History of Sino-Russian Relations

History Of Sino-Russian Relations

Prior to the 1600s China and Russia were separated by Siberia. By about 1640 Russian settlers had conquered most of Siberia and founded settlements in the Amur River basin. From 1652 to 1689, China's armies drove the Russian settlers out, but after 1689 China and Russia made peace and established trade agreements. By the mid-1800s China lagged behind technologically and financially, so it signed unequal treaties with Russia and other Western powers, by which Russia annexed the Amur basin and Vladivostok. China's weak position led to the 1911 Xinhai revolution: the revolutionaries deposed the emperor and founded the Republic of China. However, China's president Yuan Shikai was forced to sign further unequal treaties with Russia and with other Western nations.

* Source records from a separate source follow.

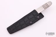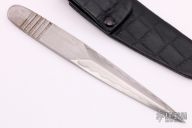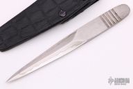 This knife by ITAC features a dagger style blade with nice hamon, .225" blade stock and .863" blade depth, full tang construction. Comes with a leather covered kydex sheath and zippered case. Has some light scratches, otherwise good condition.
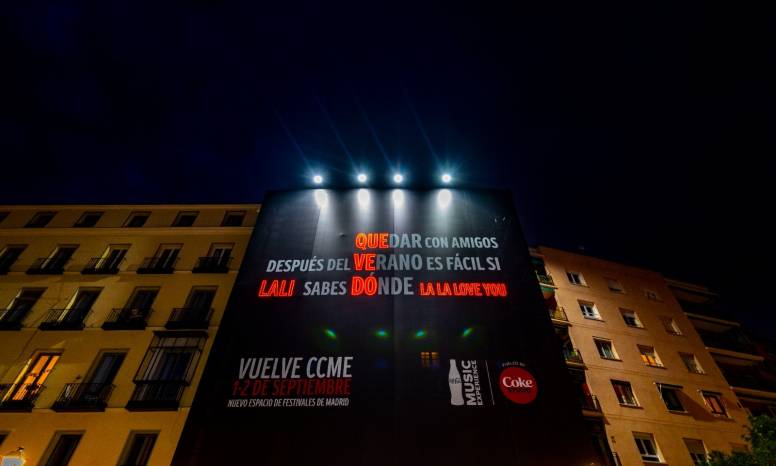 Coca-Cola Music Experience comienza a tomar forma y, desde el pasado fin de semana, los fans ya conocen los nombres de los primeros artistas que se subirán al escenario del festival de Coca-Cola los próximos 1 y 2 de septiembre en el Nuevo Espacio de Festivales de Madrid. Algunos de estos nombres, además, se han desvelado de una forma muy especial: a las 21:30h del pasado viernes, una gran lona desplegada en la madrileña Plaza de la Cebada se iluminaba para revelar en primicia, a través de un juego de palabras con neones, la identidad de algunos de estos primeros artistas. Una sorpresa que los fans no tardaban en inmortalizar para compartir en sus redes sociales.
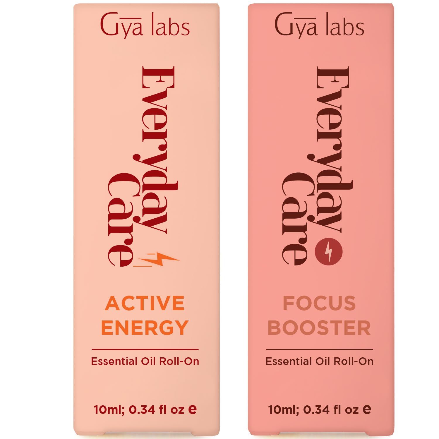 Active Energy & Focus Booster Roll On Set - Essential Oils Aromatherapy Roll On with Essential Oil Set - 2x0.34 fl oz - Gya Labs
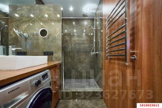 В санузле установлена душевая, стиральная машина SAMSUNG, водонагреватель themex, теплый пол, датчики протечек.
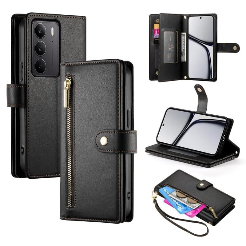 For Realme C75 / Realme 14x Nine Card-slot Zipper Wallet Bag Leather Phone Case(Black)
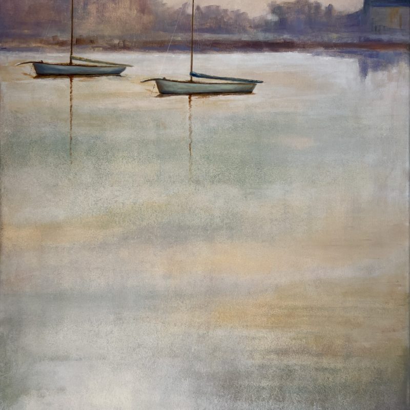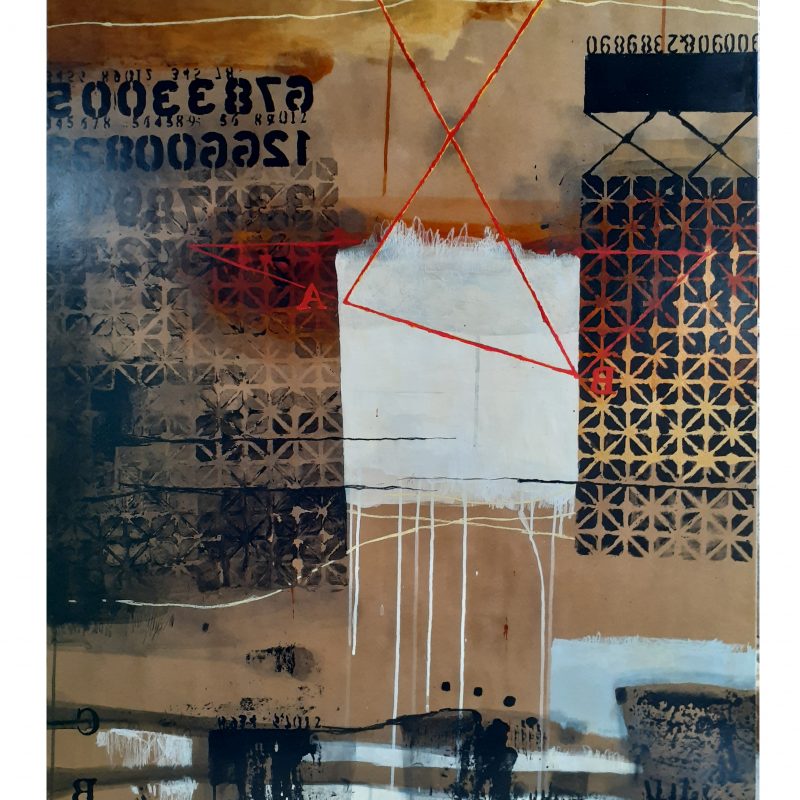 Acrylic on stretched canvas and encased in a timber floating frame.

Following the 1917 October revolution in Russia, China intervened against the communist Reds (or Bolsheviks), in support of the anti-communist White forces. The Bolsheviks won the civil war and established the Soviet Union, or USSR. Subsequently, the USSR lent support to the Kuomintang, a Chinese faction opposed to China's Beiyang government. The Kuomintang took power by force in 1928, and the two countries established diplomatic ties, but fought two wars in the next ten years. Nevertheless, the USSR supported Chiang Kai-Shek's Kuomintang government against Imperial Japan, and USSR leader Joseph Stalin told Mao Zedong's Communist Party of China (CPC) to support China's Kuomintang regime. Mao decided to fight to Kuomintang in spite of Stalin's, but the CPC failed to overthrow Chiang's Nationalist government. From 1937 to 1945 the Kuomintang and the CPC were allied against Japan, but resumed fighting shortly after their victory. Despite lacking substantial Soviet support, in 1949 the CPC won the Chinese Civil War and established the People's Republic of China, which allied itself with the USSR.

Ideological differences between the two countries grew after Stalin's death in 1953. In 1961 Mao accused the USSR's leadership under Nikita Khrushchev of revisionism, and the alliance ended. The two countries competed for control over other communist states and foreign communist movements for twenty years, and in 1969 they fought a brief border war. After the defeat of Mao's followers in 1978 hostility between the two countries lessened somewhat, because China's new leaders abandoned anti-revisionism.

Tensions remained: in 1979 China invaded Vietnam, a Soviet ally. The two countries nonetheless drew closer in the 1980s, and after the establishment of the Russian Federation this trend continued. Relations between the People's Republic of China and the Russian Federation are currently close and cordial. They maintain strong geopolitical and regional cooperation, and significant levels of trade.